## TASK
Of all the lines below, output only those starting at the one with "719 - قَالَ" and ending at the one with "же, что позволяет", both ends included, exactly as written.

--- INPUT DATA ---

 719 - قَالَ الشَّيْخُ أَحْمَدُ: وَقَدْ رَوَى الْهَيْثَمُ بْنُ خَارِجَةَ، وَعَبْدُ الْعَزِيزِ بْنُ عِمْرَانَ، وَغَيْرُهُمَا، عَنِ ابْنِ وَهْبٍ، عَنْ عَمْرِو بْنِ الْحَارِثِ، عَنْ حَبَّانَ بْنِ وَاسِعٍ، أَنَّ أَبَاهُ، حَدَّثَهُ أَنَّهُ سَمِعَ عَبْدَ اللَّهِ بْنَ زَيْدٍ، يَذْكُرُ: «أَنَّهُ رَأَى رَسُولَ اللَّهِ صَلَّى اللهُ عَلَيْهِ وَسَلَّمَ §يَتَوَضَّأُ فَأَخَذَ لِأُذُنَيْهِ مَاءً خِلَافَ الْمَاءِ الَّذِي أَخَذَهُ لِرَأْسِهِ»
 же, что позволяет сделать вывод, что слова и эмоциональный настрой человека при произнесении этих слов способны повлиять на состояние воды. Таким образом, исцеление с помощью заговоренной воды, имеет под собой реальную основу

---
--- INPUT DATA ---

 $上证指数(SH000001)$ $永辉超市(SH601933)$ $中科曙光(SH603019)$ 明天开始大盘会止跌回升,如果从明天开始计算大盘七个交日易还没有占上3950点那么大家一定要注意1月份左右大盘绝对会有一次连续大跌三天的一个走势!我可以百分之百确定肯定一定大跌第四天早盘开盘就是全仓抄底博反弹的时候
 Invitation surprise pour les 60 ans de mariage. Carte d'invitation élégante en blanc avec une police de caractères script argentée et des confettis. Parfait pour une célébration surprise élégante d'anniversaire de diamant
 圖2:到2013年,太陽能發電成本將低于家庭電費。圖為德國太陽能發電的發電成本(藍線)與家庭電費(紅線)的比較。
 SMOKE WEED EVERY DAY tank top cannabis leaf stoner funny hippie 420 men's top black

---

## RESPONSE TO THE TASK
 719 - قَالَ الشَّيْخُ أَحْمَدُ: وَقَدْ رَوَى الْهَيْثَمُ بْنُ خَارِجَةَ، وَعَبْدُ الْعَزِيزِ بْنُ عِمْرَانَ، وَغَيْرُهُمَا، عَنِ ابْنِ وَهْبٍ، عَنْ عَمْرِو بْنِ الْحَارِثِ، عَنْ حَبَّانَ بْنِ وَاسِعٍ، أَنَّ أَبَاهُ، حَدَّثَهُ أَنَّهُ سَمِعَ عَبْدَ اللَّهِ بْنَ زَيْدٍ، يَذْكُرُ: «أَنَّهُ رَأَى رَسُولَ اللَّهِ صَلَّى اللهُ عَلَيْهِ وَسَلَّمَ §يَتَوَضَّأُ فَأَخَذَ لِأُذُنَيْهِ مَاءً خِلَافَ الْمَاءِ الَّذِي أَخَذَهُ لِرَأْسِهِ»
 же, что позволяет сделать вывод, что слова и эмоциональный настрой человека при произнесении этих слов способны повлиять на состояние воды. Таким образом, исцеление с помощью заговоренной воды, имеет под собой реальную основу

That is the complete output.